I replaced the bell and continued on to the bowl of water. "May the elemental power of water purify this circle." This time it was floods washing the undesirable away as I sprinkled a few drops around the perimeter. I lit the candle. Now it was fire burning them up in crackling flames. Finally, it was salt burying, smothering, desiccating. I put down the bowl of salt and continued walking the circle back to north before I returned to the table.
I picked up my guitar and again replenished my supply of manna. I sat down and locked my gaze upon the amulet. My dried blood still stained the lines I had carved. The disk of wood was still strongly bound to me by ritual, so for that spell, at least, I didn't have to bleed. The carving, on both sides, represented a ritual circle with symbols for air at the top, earth to the right as it faced me, fire to the south, and water to the left. In the center of the circle was a glyph that represented my collective self.
I let my trance deepen until all that was left in my awareness was the disk and my internal vision. I imagined spells bouncing off the protective circle. What might a spell feel like? Sound like? Smell like? Taste like? I pictured, heard, felt, smelt, tasted them as arrows, fireballs, bolts of lightning, rain, gas, handfuls of mud, pellets, glitter, sand, snowballs, buckshot--in short, anything my imagination could come up with. Feel my circle push them away. While I was doing that, I constantly fed the spell a stream of manna.

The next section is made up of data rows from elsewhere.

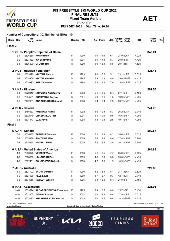 Українські фристайлісти Олександр Абраменко, Дмитро Котовський та Анастасія Новосад здобувають бронзову нагороду у міксті (змаганнях змішаних команд) на Кубку світу з лижної акробатики, що проходить у Фінляндії. pic.twitter.com/hNHk3oBKeM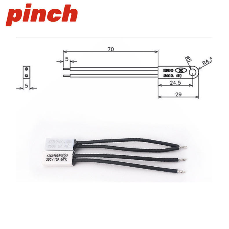 Interruptor de Control de Temperatura Pinch Ksd9700 250V 5A 105C Normalmente Abierto, Protector Térmico Metálico para Dispositivos de Calefacción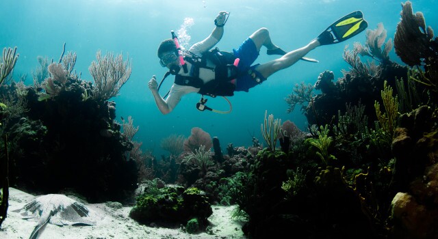 Photo by Libby Horbaly of her brother, Sam, scuba diving in the Bahamas.
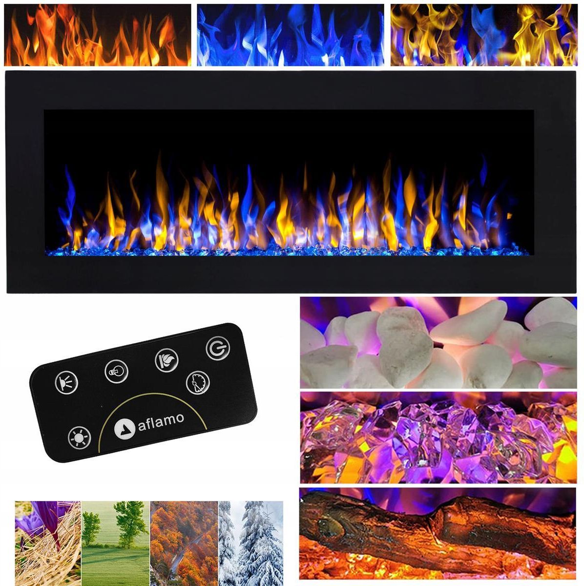 Kominek elektryczny AFLAMO PRIDE B140 Najważniejsze cechy 3 kolory płomienia pilot zdalnego sterowania 3 paleniska: polana, kryształki, kamienie 4 poziomy szybkości płomienia 5 poziomów jasności płomienia Komfort i wygoda Kominek to przede wszystkim relaks! Pilot sterowania umożliwia zmianę funkcji na odległość. Zapewnia wygodę korzystania bez potrzeby wstawania z kanapy. Kominek elektryczny nie wymaga dodatkowej wentylacji. Nie trzeba wietrzyć pomieszczenia i jednocześnie wpuszczać zimnego czy wilgotnego powietrza. Nie musisz otwierać okna i denerwować się hałasem z zewnątrz. Efekt płomienia bez grzania umożliwia korzystanie z kominka przez cały rok, nawet w upalne dni. Ciesz się ogniem kiedy chcesz. Łatwy i szybki montaż Kominek elektryczny zamontujesz samodzielnie w trzech prostych krokach Zainstaluj wieszak zawarty w zestawie. Powieś kominek. Czerp przyjemność z korzystania. Zamontuj jak chcesz! Istnieją trzy sposoby montażu kominek całkowicie wpuszczony w ścianę, kominek częściowo wpuszczony w ścianę, montaż kominka w ścianie. Palenisko i płomień Najbardziej realistyczny efekt płonącego ognia Wybierz najładniejszy płomień Płomień posiada: 3 kolory, 5 poziomów jasności, 4 prędkości palenia. Dopasuj palenisko do swojego stylu 3 rodzaje paleniska w zestawie: polana, kryształy, kamienie. Łatwy w użyciu - oszczędzaj czas i nerwy! Zapomnij o kupowaniu drewna, rąbaniu i magazynowaniu. Koniec z dymem, kurzem, popiołem. Koniec ze sprzątaniem wokół kominka i czyszczeniu samego kominka. Usiądź wygodnie i włącz kominek! Włącz kominek - wyłącz SMOG Kominki elektryczne są ekologiczne. Nie emitują do atmosfery dwutlenku węgla oraz innych szkodliwych substancji. Kominki elektryczne są czyste. Nie zanieczyszczają wnętrz sadzą, czy popiołem. Ekonomiczny Bez obaw o wysokie rachunki Technologia LED zapewnia bardzo niski koszt efektu płomienia, który wynosi około 1-2 gr/h zależnie od modelu. Dane techniczne Typ kominka: do zabudowy i/lub zawieszenia na ścianie (2w1) Technologia efektu płomienia: LED Przybliżona szerokość całkowita (z obudową): 140 cm Przybliżona szerokość wizji ognia: 120 cm Kolor dominujący: czarny Pilot zdalnego sterowania: tak Funkcja grzania: nie Szerokość: 140 cm Wysokość: 55 cm Głębokość: 12,8 cm Waga: 30 kg Kolor / wykończenie: czarna nowoczena obudowa, szklany panel Moc grzewcza: brak Dodatkowe informacje: 3 kolory płomienia; 5 jasności płomienia; 4 prędkości płomienia; 3 rodzaje paleniska w zestawie: polana, kryształy i kamienie Długość kabla zasilającego: 1,8 m Napięcie: 220-230V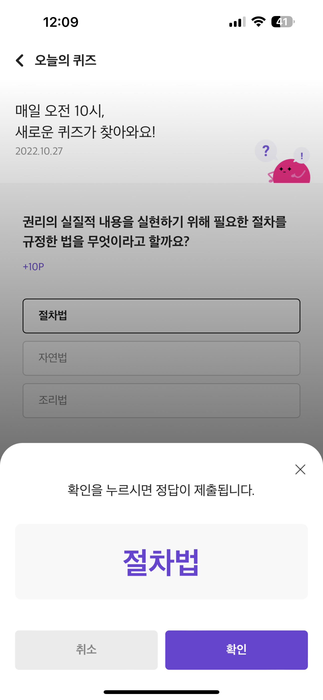 권리의 실질적 내용을 실현하기 위해 필요한 절차를 규정한 법을 무엇이라고 할까요? 법 내용이라 하니 어렵게 다가오지만 모든 문제의 답은 문제에 있다고 하죠. 보기가 절차법, 자연법, 조리법으로 되어 있는데 딱 문제에 답을 명시하고 있습니다. 바로 러브메이트 오늘의 퀴즈 정답은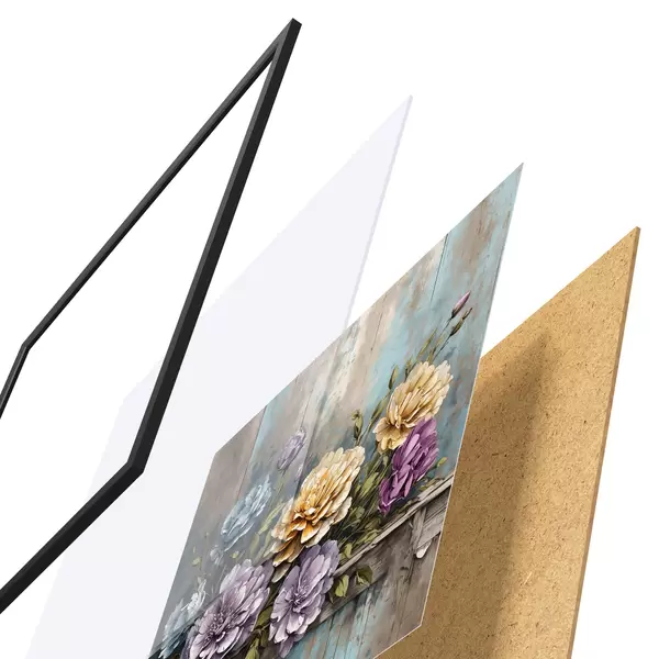 Plakāts sastāv no rāmja, pleksstikla, iespiestā attēla un skaidu plātnes pamatnes. Plakātu var uzreiz piekarināt pie sienas, pateicoties aizmugurē esošajiem stiprinājumiem.

Next, I knew from bitter experience my sensory reactions to getting close to a demon. In truth, what I remembered was less brutal than what I had sensed, but it was bad enough. I imagined the protective circle on my amulet stopping demons and channeling them away from me.
Then I imagined it resisting scrying. Imagine a wizard staring into a dish of water. The water was empty. Imagine a sorcerer gazing in a crystal. The crystal was opaque. I was invisible to sight, inaudible to hearing.
After an unknown while, the first side of the amulet felt done.
I let my trance lighten, but I didn't come completely out of it. Ursus maintained a light trance while Arthur gathered manna and I played the guitar. I felt noticeably tired, and I knew that I could easily collapse into bed and be asleep in seconds, but I forced myself to do more. I flipped the disk over and repeated the spell on the other side.
When it was finished, I was utterly exhausted. I hung the amulet around my neck, painfully stood up, removed my robe, and picked up my athame. Leaning on the table, I worked my way around and drew a slash through the imagined glyph for air while I mumbled, "I thank and dismiss the elemental power of air." I did the same for water, fire (blowing out the candle on the way), and earth. My last coherent thought was, I should open the door for Harvey. I was out as soon as I hit the sheets.
The next morning, I was awakened by people moving around in the basement. I stuck my head out the door. I saw Dad, Mike, Terry, and Danny. "Hey," Danny said. Terry pointed and mimicked laughing at me.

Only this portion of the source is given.